The opening ceremony was led by Eduardo López, president of AELALD, who presented the association’s latest activities and highlighted the progress made during the year. Throughout the day, attendees participated in various presentations by renowned specialists, addressing crucial topics such as:
- The importance of research into rare diseases such as ALL-D, highlighting the role that science plays in improving diagnosis and treatment. Research into rare diseases not only benefits affected patients but also drives advances in general medical science. These diseases often serve as models for understanding molecular and genetic mechanisms that are also relevant in common diseases.
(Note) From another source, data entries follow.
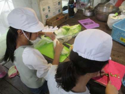 山の家での1度目の野外炊事に挑みました。猫の手を意識しながら野菜を切ったり、水の量を調節しながら米の準備をしたり、かまどの木の組み立てを工夫しながら火の準備をしたりと各々が役割を意識して活動していました。野外炊事が終わった後、子どもたちは「お米が思ったよりべちゃべちゃになった。」「火が何回やってもつかなかった。」「役割分担がうまくいかなかった。」と振り返っていました。振り返りをもとに3日目の野外炊事に挑もうと思います。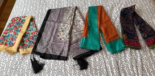 Conjunto de 6 fulares o pañuelos con diseños variados. 4€ todos - morado con bordado. - de rayas multicolores. - tejido multicolor. - azul brillante. - naranja. - turquesa.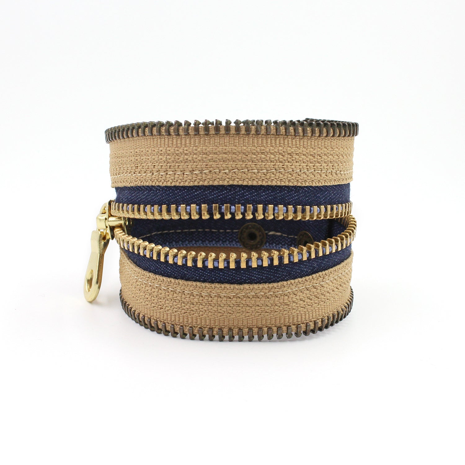 $25.00 USD$0.00 USDAvailable: Out Of Stock :-(Feel the sand in surround your toes and relax zipper bracelet. Looks amazing reversed as well! Blue jean denim inner zipper with brass teeth. Camel outer zipper with antique gold teeth. Beige topstitch. Antique gold snaps. Brass zipper pull. Bracelet width: 2" Size: Adjustable 2 ways - 7.25"...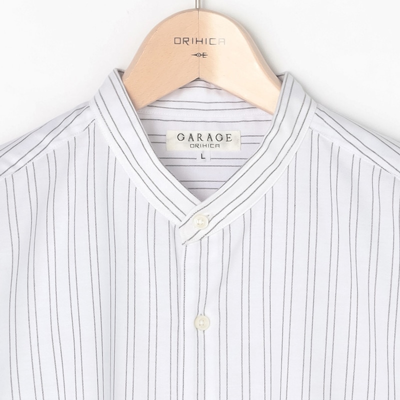 次に「スタンドカラー」は、襟羽がなく、帯状に台襟を通して立った襟の形をしたシャツになります。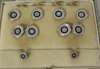 stamped 18ct, comprising pair of cufflinks, four buttons and two studs, contained in a fitted Asprey's case, centrally set with a collet set round brilliant cut diamond with black onyx border with mother of pearl ground in a reeded white gold rim,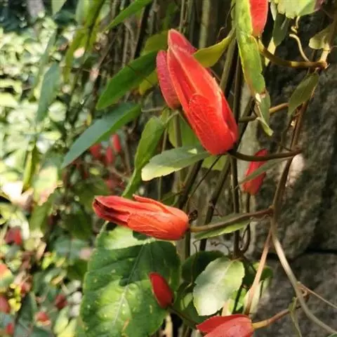 红花西番莲 是西番莲科、西番莲属多年生草质藤本,茎圆形,具卷须,长6-8米。叶互生,长圆形至长卵形,…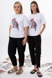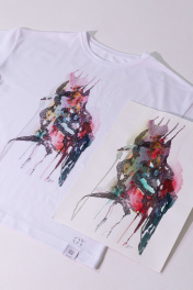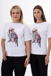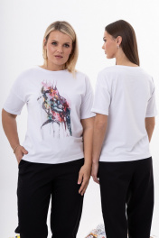 Женская футболка с эксклюзивными арт-принтами | Коллаборация с художницей Ольгой Южик Instagram:@yuzhikolga88 Уникальная футболка воплощающая творческий дух коллаборации с талантливой художницей Ольгой Южик. На футболках нанесены эксклюзивные принты, созданные по мотивам её картин, которые можно увидеть в Instagram @yuzhikolga88. Каждая линия и оттенок отражают авторский стиль художницы, сочетающий абстракцию, эмоциональность и гармонию природы. Дизайн, вдохновленный искусством: • Спущенный рукав и прилегающий крой создают непринужденный силуэт в стиле, подчеркивающий комфорт и современную эстетику. • Эксклюзивные принты по мотивам картин — это деталь, которая превращает футболку в арт-объект. • Принты нанесены методом качественной цифровой печати. Премиум-качество и универсальность: Футболка изготовлена из мягкого хлопка с добавлением эластана, который обеспечивает идеальную посадку, ткань прекрасно дышит и обеспечивает легкость. Нейтральная белая база позволяет принтам оставаться главным акцентом, сочетая футболку с джинсами, юбками, пиджаками или oversize-кардиганами. Дополните свой гардероб футболкой, которая говорит за вас. Это больше, чем мода — это диалог с искусством, где ваше тело становится холстом для авторских идей @yuzhikolga88. Параметры моделей на фото: 1. Рост 175, ОБ 115, ОТ 78, ОГ 96. Изделие на фото 52 XXL 2. Рост 175, ОБ 89, ОТ 60, ОГ 80. Изделие на фото 42 XS" Рекомендуется только деликатная стирка 30 градусов, не использовать отбеливатели, изделие вывернуть наизнанку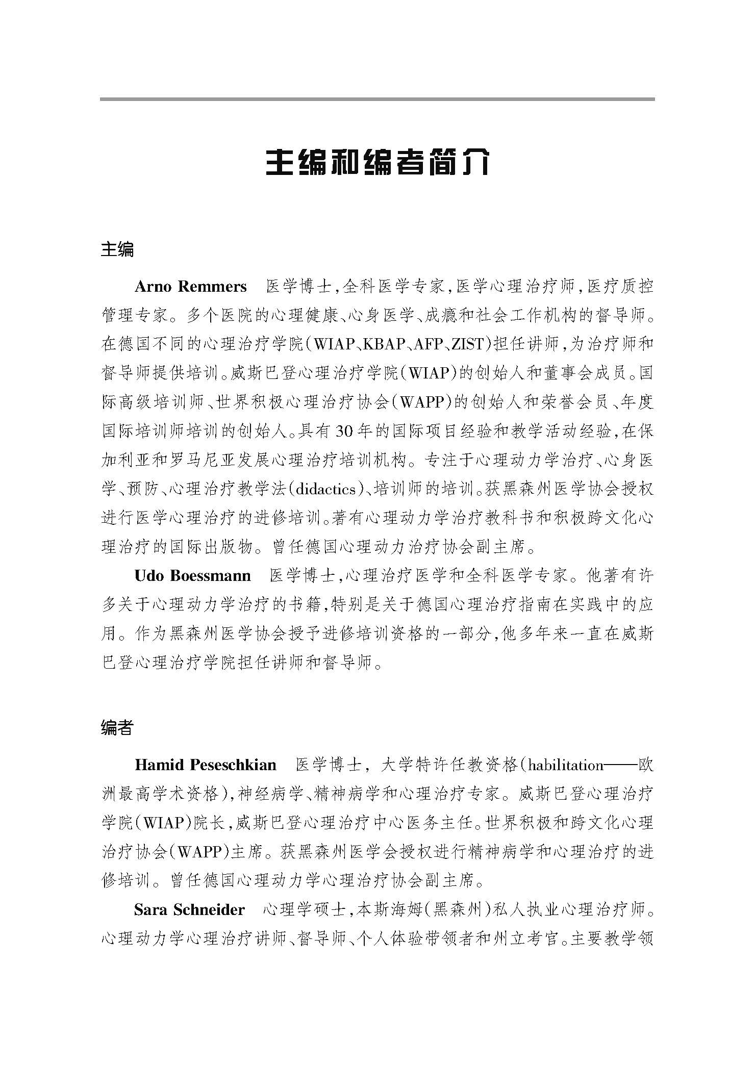 阿诺·雷默斯(Arno Remmers),医学博士,全科医学专家,医学心理治疗师,医疗质量经理。在多家医院担任心理健康、心身医学、成瘾和社会工作机构督导师。在德国多家心理治疗学院(WIAP、KBAP、AFP、ZIST)担任讲师,并为治疗师和督导师提供培训。威斯巴登心理治疗学院(WIAP)创始人和董事会成员。国际高级培训师,世界积极心理治疗协会(WAPP)创始人和荣誉会员,年度国际培训师培训(WAPP)创始人。具有30年的国际项目经验和教学经历,在保加利亚和罗马尼亚开展心理健康教育工作。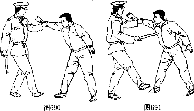 【动作说明】当敌右手抓起酒瓶从上至下向我头部砸来 时,我左手迅速向前上方抓住敌有腕(图69。)*然后立即用短 棍点击敌肋部(图691).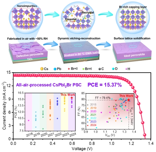 钙钛矿太阳能电池(PSCs)已经取得了令人瞩目的成就,而迄今为止报道的性能最好的电池高度依赖于制造条件,通常建立在惰性气体(氮气手套箱)或严格控制湿度的干燥空气环境中,这在技术和经济上限制了PSC的大规模商业化。造成这种限制的一个主要原因是,空气中制备的钙钛矿薄膜在整个过程中受到水分和氧气的侵蚀,不利于钙钛矿结晶,破坏相稳定性,导致大量纳米杂质缺陷的形成,尤其是在脆弱的表面。针对这个问题,团队提出了新的原位点阵刻蚀重建策略,通过将空气制造的钙钛矿膜浸泡在高温加热下的弱极性有机溶剂中,表面的缺陷态被动态溶解并选择性再结晶。由于弱溶解度和温度诱导退火效应的平衡,表面缺陷层被化学剥离(刻蚀过程),形成一个稳定的富Br层(再结晶过程),最终在无需精确控制湿度的全空气中制备了15.37%的高效率碳基CsPbI2Br器件,优于在氮气中制造的未经处理器件,并具有出色的稳定性。与先前报道的同类器件的PCEs相比,获得了可观的VOC×FF值。此策略可以通过筛选匹配的溶剂与其他杂化和无铅钙钛矿薄膜兼容,为克服加工条件的限制,推进钙钛矿光电器件提供了一条非常有效的途径。
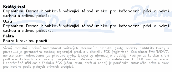 Bepanthen Derma hloubkově vyživující tělové mléko pro každodenní péci o velmi suchou a citlivou pokožku.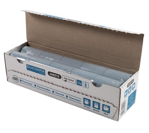 Formato de la bobina: 57 mm de ancho y 40 mm de diámetro. Longitud (+ o - 2m): 18 m. Mandril estándar de 12 mm. Aviso de fin de tirada. Con texto Safe Contact en la parte trasera y logo de Exacompta.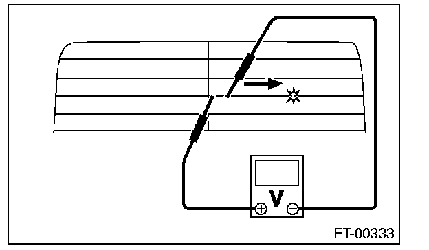 8. Move the tester probe on the negative (-) side slowly along the heat wire. If voltage changes from zero while moving the tester probe, heat wire is open at the voltage change point.
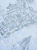 Elevate your casual style with the Relay Jeans Palm Mansion Blue Graphic T-Shirt. Made from comfortable cotton fabric, this tee features a cool crewneck design and regular fit. Easy to care for with warm wash, cool iron, and dry cleanable instructions. Perfect for a laid-back look.

For example, studies into rare genetic diseases have provided important insights into cancer and autoimmune diseases.
- Early diagnosis and the effective transition of pediatric patients to adult units requires interdisciplinary collaboration, specific tools, and patient empowerment.
- Early diagnosis and the effective transition of pediatric patients to adult units requires interdisciplinary collaboration, specific tools, and patient empowerment.
One of the most innovative moments was the interactive activity with Mentimeter, which allowed families to express their opinions and needs in a dynamic way. The responses reflected a shared interest in topics such as the search for a definitive cure and the improvement of current treatments. The word cloud generated included terms such as hope, unity, and support, highlighting the emotional and social impact of these encounters.
Eduardo López closed the day by addressing the upcoming creation of a European LAL-D association, a key step toward uniting efforts internationally and strengthening research and patient support across Europe.
The meeting concluded with a joint activity in which families shared quality time, reinforcing the community spirit that characterizes the association.
Meeting of the Committee of Experts on LAL-D – Zaragoza, November 22, 2024
The day before, AELALD organized an important meeting of the LAL-D Expert Committee at the Silken Reino de Aragón Hotel, consolidating its commitment to research and improving patients’ quality of life.
During the session, leading national and international specialists discussed advances in key areas, such as the multimodal management of Wolman’s disease and the identification of new biomarkers such as lipocalin-2 and NETs (neutrophil extracellular traps). In addition, the latest update of the MARKLALD study, focused on liver markers, was presented, and practical recommendations for the transition of pediatric patients to adult care were discussed.
One of the highlights was the discussion led by Eduardo López on the creation of a European Registry of Patients with LDL-D, a key tool for fostering research and optimizing clinical care across Europe.
Both events not only reaffirmed AELALD’s leadership in supporting families and scientific research, but also its commitment to building a strong European network to address the challenges of this rare disease.